Gather information on the health and health-related behaviors of your employee population. The most common method is by using a validated health risk assessment. If you don’t have data specific to your staff members, you can estimate the prevalence of different health risks and behaviors within your employee population using state or national data. Note: Information on workers’ health interests alone is not sufficient; but can be a useful supplement to health risk data and might help you set priorities.
Establish Workplace Health Promotion Program Goals and Priorities
Use what you’ve discovered about employee health and about your current workplace environment to determine your corporation’s Workplace Health Promotion Program priorities. From those Workplace Health Promotion Program priorities, define clear and measurable Workplace Health Promotion Program goals for improving employee health and your corporation’s culture. Well written goals will provide the basis for planning and for measuring your progress.

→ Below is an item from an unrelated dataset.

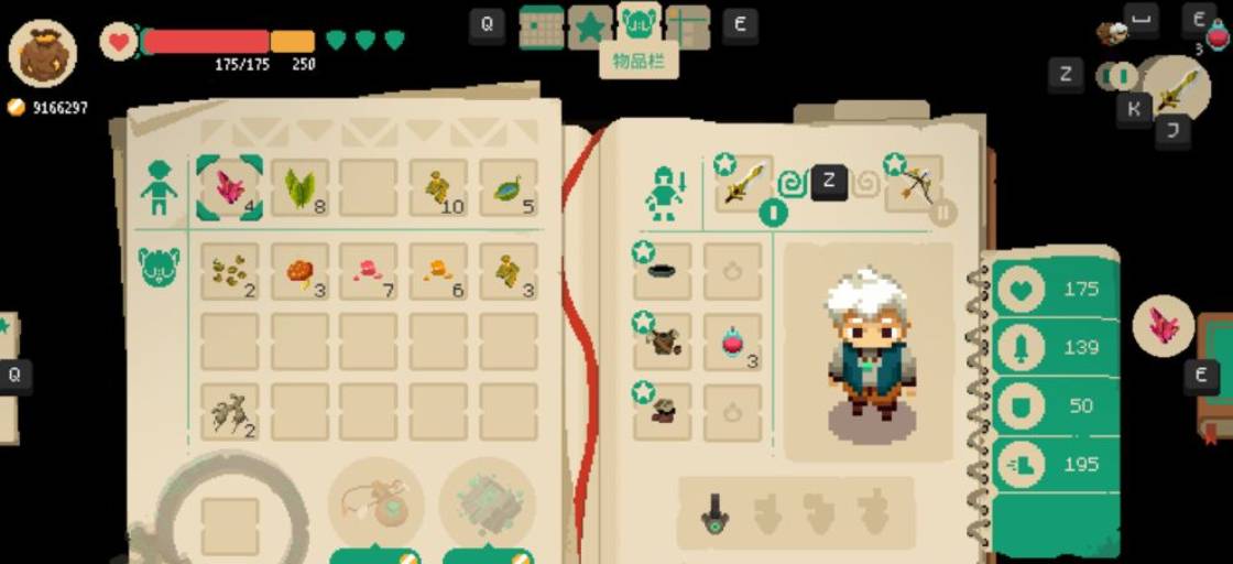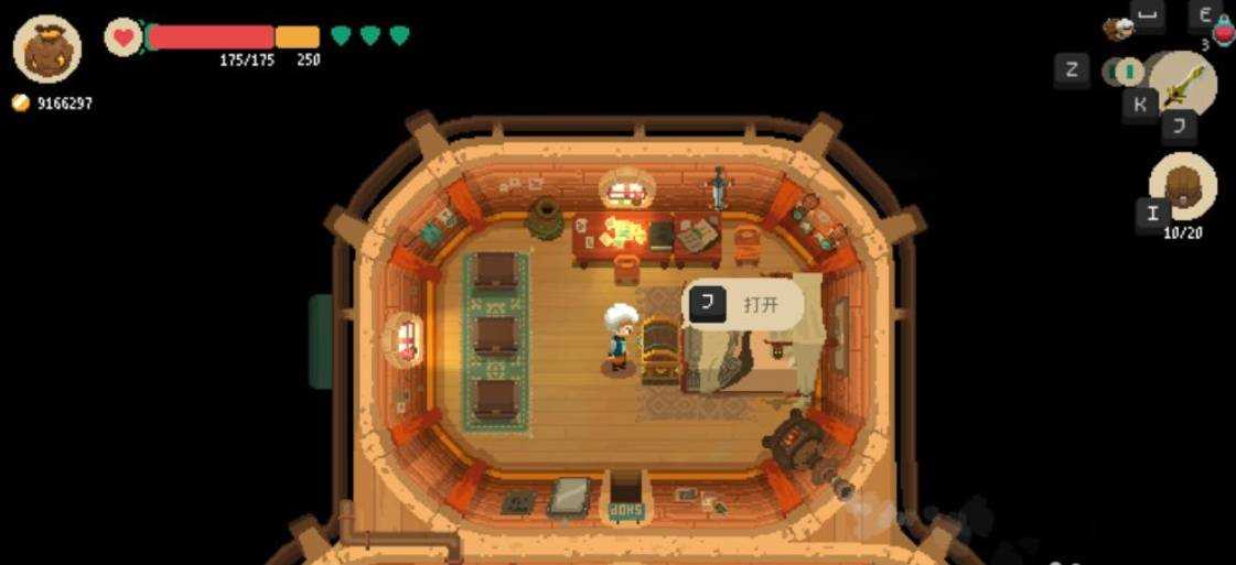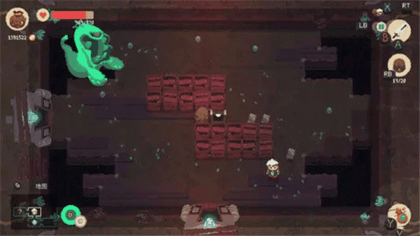 4、击杀地牢的魔物或者打开箱子会掉落物品,走上去会自动收集,掉到深远的物品就无法获取了。右侧显示背包的容量,背包满了就无法再捡东西了。

Choose Workplace Health Promotion Program Procedures
Focus your corporation’s Workplace Health Promotion Program resources (time, energy and money) on strategies that are most likely to produce results: an increase in healthy eating, an increase in physical activity, and a reduction in tobacco use. There’s no need to guess at what might work. The U.S. Centers for Disease Control and Prevention (CDC) has reviewed thousands of studies and has identified the Workplace Health Promotion Program approaches most likely to result in significant, lasting, and widespread improvements in health behaviors. Those Workplace Health Promotion Program strategies are included in the physical activity, tobacco, and healthy eating sections of this website.
The formula for Workplace Health Promotion Program success is to make the healthier choices the easier choices.
Implement Workplace Health Promotion Program Procedures
Once you’ve chosen your Workplace Health Promotion Program Procedures, it can be useful to arrange the work on a timeline. The “right” amount of time for implementing each Workplace Health Promotion Program strategy depends on the staff time, budget, and business demands of your corporation. Work plans maintain your efforts moving and help to ensure that plans to start a Workplace Health Promotion Program stay on track even if there are changes in staffing or other challenges.
Educate and Communicate About the Workplace Health Promotion Program
Ensure staff members are aware of the Workplace Health Promotion Program opportunities you’ve provided. Planning your Workplace Health Promotion Program communications allows you to communicate regularly with staff members without overwhelming them at any one time.
Monitor and Report Your Workplace Health Promotion Program Results
At the same time that you plan your Workplace Health Promotion Program Procedures, think about how you’ll measure success. It’s much easier to gather information – or to start systems for collecting information — before you implement a Workplace Health Promotion Program strategy rather than as an afterthought. Keep in mind that you’re likely to see improvements in staff member morale and/or behaviors before you see decreases in rates of absenteeism or health care claims.
Report both your Workplace Health Promotion Program successes in building a healthy workplace environment (such as complete implementation of a policy that provides staff members time for walking during the workday), and Workplace Health Promotion Program successes in getting workers to take charge of their health (an increase in the number of staff members who contacted the stop-smoking program, or an increase in the number of fruit-cups purchased from the cafeteria following a promotion and price-cut).